Vacina sem privilégios
Alfredo Guarischi

 

Alfredo Guarischi é médico

Estamos vivendo ajoelhados ou morrendo pronados (pacientes de barriga para baixo), numa nova crise sanitária com componentes bastante semelhantes aos que enfrentamos na Gripe Espanhola (1918-1920). Alguns ignoram que essa pandemia se transforma numa bomba incendiária ao misturarem política de saúde com política na saúde.

Todos erram.
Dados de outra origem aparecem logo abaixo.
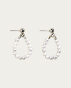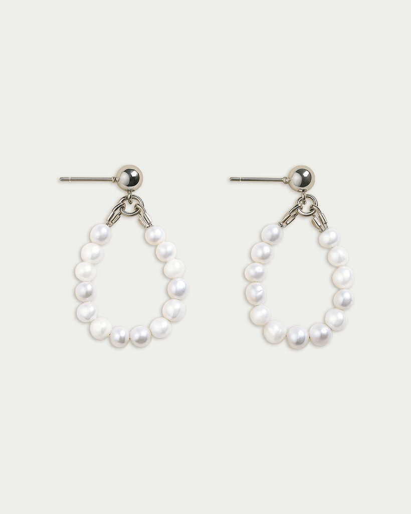 Kolczyki wykonane z naturalnych pereł słodkowodnych typu „milky” o średnicy 2–3 mm, ręcznie zestawionych w formę delikatnych, owalnych zawieszeń. Każda perła charakteryzuje się subtelną mleczną barwą i gładką powierzchnią, co nadaje całości wyrafinowany i elegancki charakter.

Dirigentes, jornalistas, políticos, juristas, governantes, revistas e organizações científicas. A imensa maioria sem dolo.

Eu também erro. Mas o vírus não. Ele conhece as conclusões de Charles Darwin e se adapta, sofre mutações e sobrevive. O vírus precisa de nós para se perpetuar; por isso, precisamos nos livrar dele.

Os vírus não têm alma, assim como as guerras. Durante a Segunda Guerra Mundial, os túneis do metrô de Londres, inaugurado em 1863, salvaram milhares de vidas ao servir de abrigo antiaéreo contra as bombas nazistas, mas o pânico custou a vida de quase duas centenas de pessoas, pisoteadas na tentativa de entrar na estação de Bethnal Green.

Depois disso, o governo britânico entendeu sua obrigação de coordenar a nova utilização desses centenários túneis, pois não havia tempo para construir abrigos com acomodações mais adequadas. Aprenderam que, em situações de urgência, o melhor é o possível.

No Rio de Janeiro, os dois hospitais de campanha da Rede D’Or e seus parceiros, sem qualquer subsídio público ou isenção fiscal, tiveram resultados clínicos expressivos no atendimento de milhares de pacientes com Covid-19. Fizeram o que alguns achavam improvável. Agora que temos diversas vacinas, que competem num mercado mundial de 8 bilhões de consumidores, podemos ser pisoteados por indecisões.

Na Revolta da Vacina contra a varíola em 1904, Oswaldo Cruz enfrentou a indignação dos cidadãos que alegavam o direito de não aceitar aquele líquido desconhecido, gerando um descontentamento enorme e o desejo de derrubar o presidente Rodrigues Alves. O movimento foi dominado, mas a Lei da Vacina se tornou facultativa. O presidente, reeleito em 1918, morreu em janeiro de 1919, no auge da Gripe Espanhola, sem ter tomado posse. Agora, com a Covid-19, todos querem ser vacinados, mas há falta desse líquido.

O Brasil deve seguir o que a imensa maioria dos países está fazendo, priorizando a vacinação dos mais vulneráveis, por idade ou doenças, e dos profissionais de saúde, pois cabe a estes cuidar dos enfermos. Mas toda nossa população tem o justo direito de ser vacinada, sem prejuízo por pertencer a qualquer classe social. Recorro a Victor Hugo, romancista francês, que nos ensinou que ser bom é fácil, mas o difícil é ser justo.

Como então ser menos injusto?

O transplante de órgãos de cadáver no Brasil é um bom exemplo. A cooperação no trabalho permitiu que o SUS e a iniciativa privada tenham uma relação não predatória, pois o critério de gravidade é o principal fator para o recebimento de um novo órgão, sempre graças à generosidade de famílias enlutadas. A vacinação eficaz contra a Covid-19 deve ser uma decisão simbiótica.